AI and ML will undoubtedly shake up the business world and life as we know it in years to come. It’s here that we must remember that AI alone cannot solve any crisis. And, as WEF reminds us: human input is key. A capable community of statisticians, analytics experts and data workers across the world have been using AI to find useful patterns and meaningful correlations for all sorts of Covid-19 related use cases over the last year. For this to be possible, however, data is needed to feed and educate the AI.
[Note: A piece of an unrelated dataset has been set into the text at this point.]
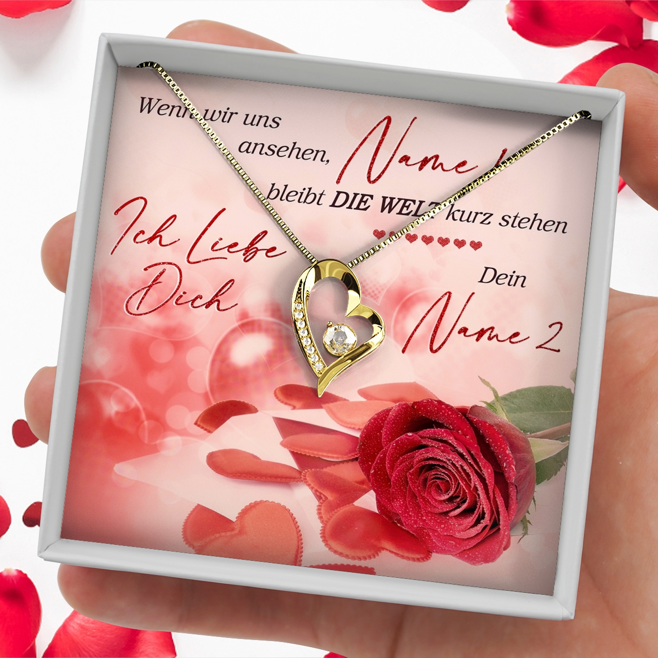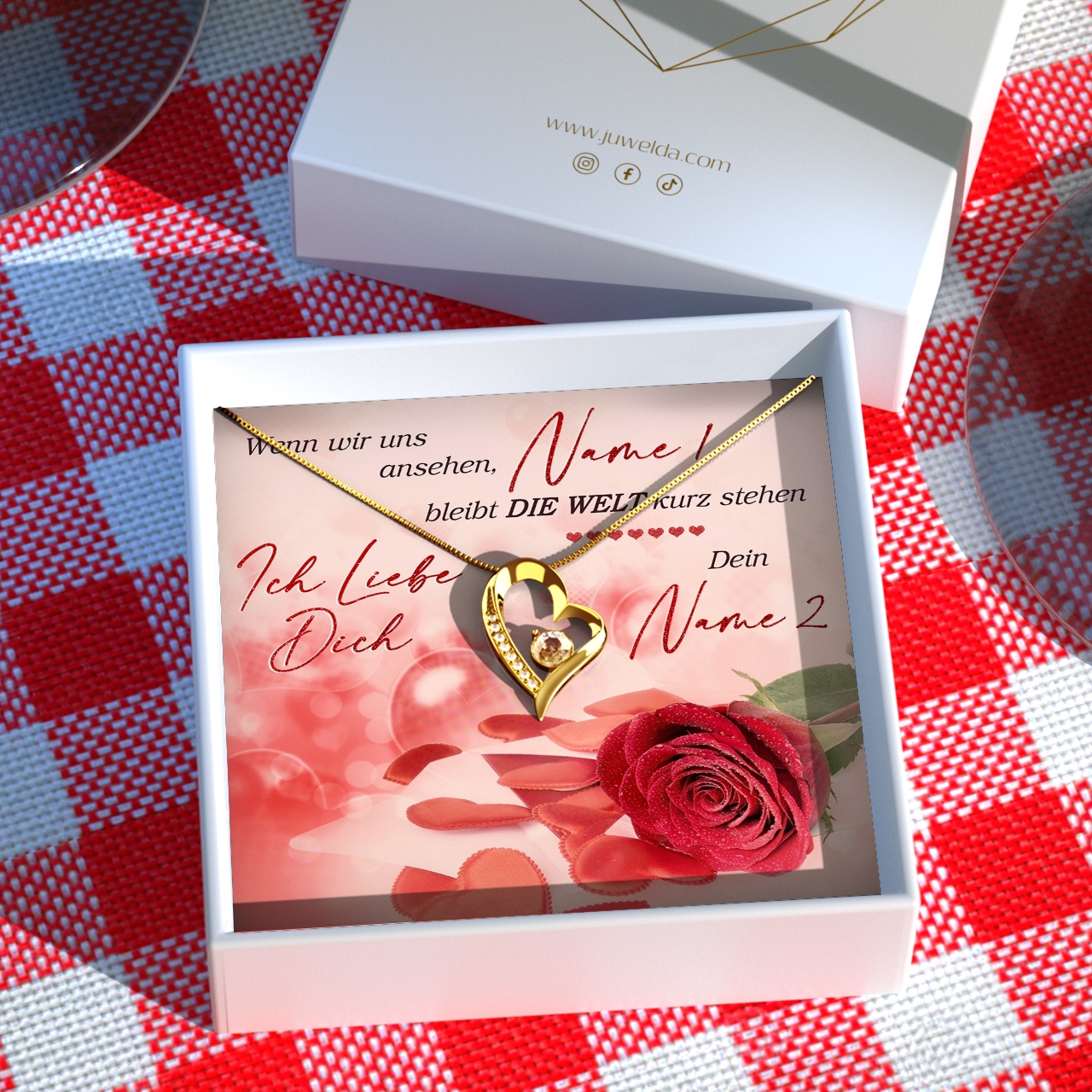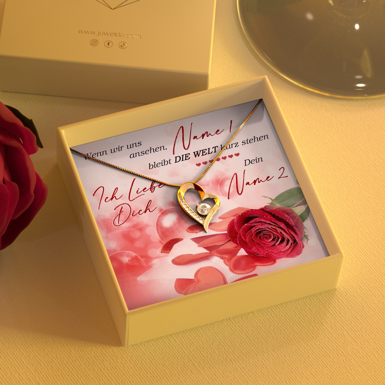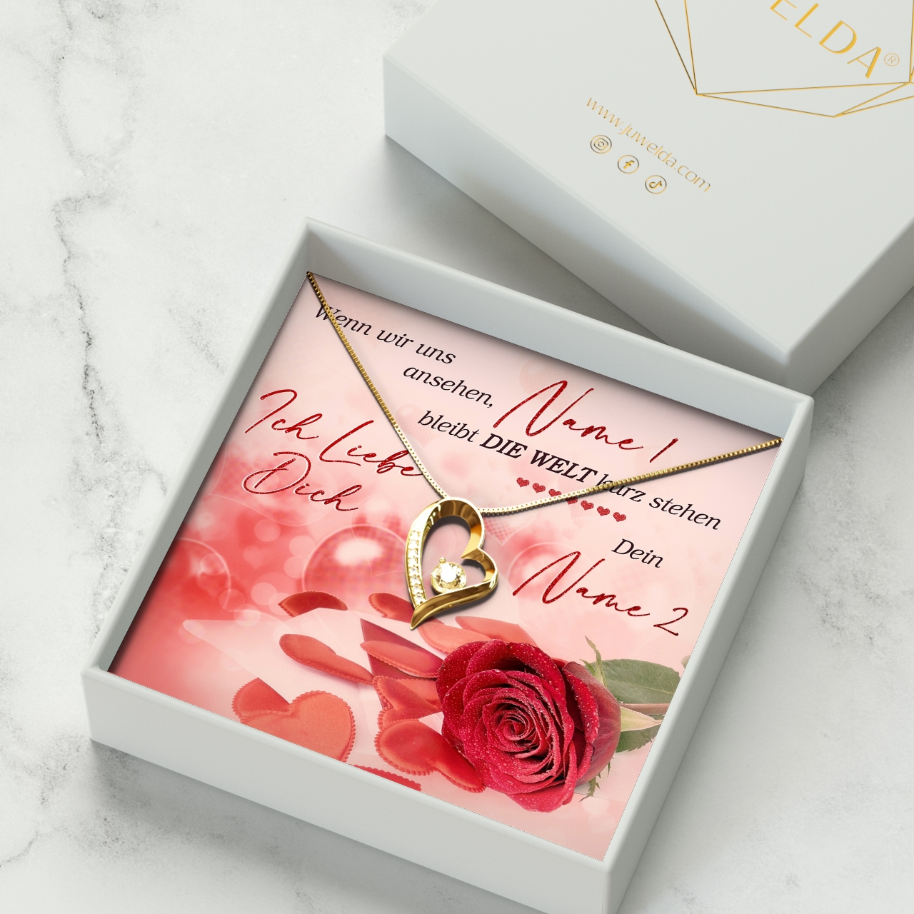 Möchtest Du Dein Geschenk sofort an Deinen Lieblingsmenschen überreichen? Dann solltest Du ein Blick auf die Variante mit der premium Geschenkverpackung werfen. Die Halskette Deiner Wahl und Deine personalisierte Karte werden liebevoll in eine hochwertige Schmuckbox mit Kunstlederüberzug und Samt-Innenbezug gelegt. Damit die Überraschung auch wirklich gut ankommt, wird alles behutsam in eine Geschenktasche gelegt, in Seidenpapier verpackt und mit einer Schleife zugebunden. Hier bekommst Du bereits einen kleinen Vorgeschmack:

There’s an adage that says power isn’t what you know, power is what you share. Each one of society’s pressure points -- healthcare risk, workforce management and supply chain -- are all best approached with shared data and strong analytical technology, wrapped in a community where use cases are learned and business outcomes socialised. For AI to evolve, organisations need to empower each and every human member of their business to be thinking about how to leverage the technology. No matter how AI and ML evolves, data will always be at the forefront and one of the most important drivers of true digital disruption. A smart approach to data now will guide the way for a successful AI-driven future.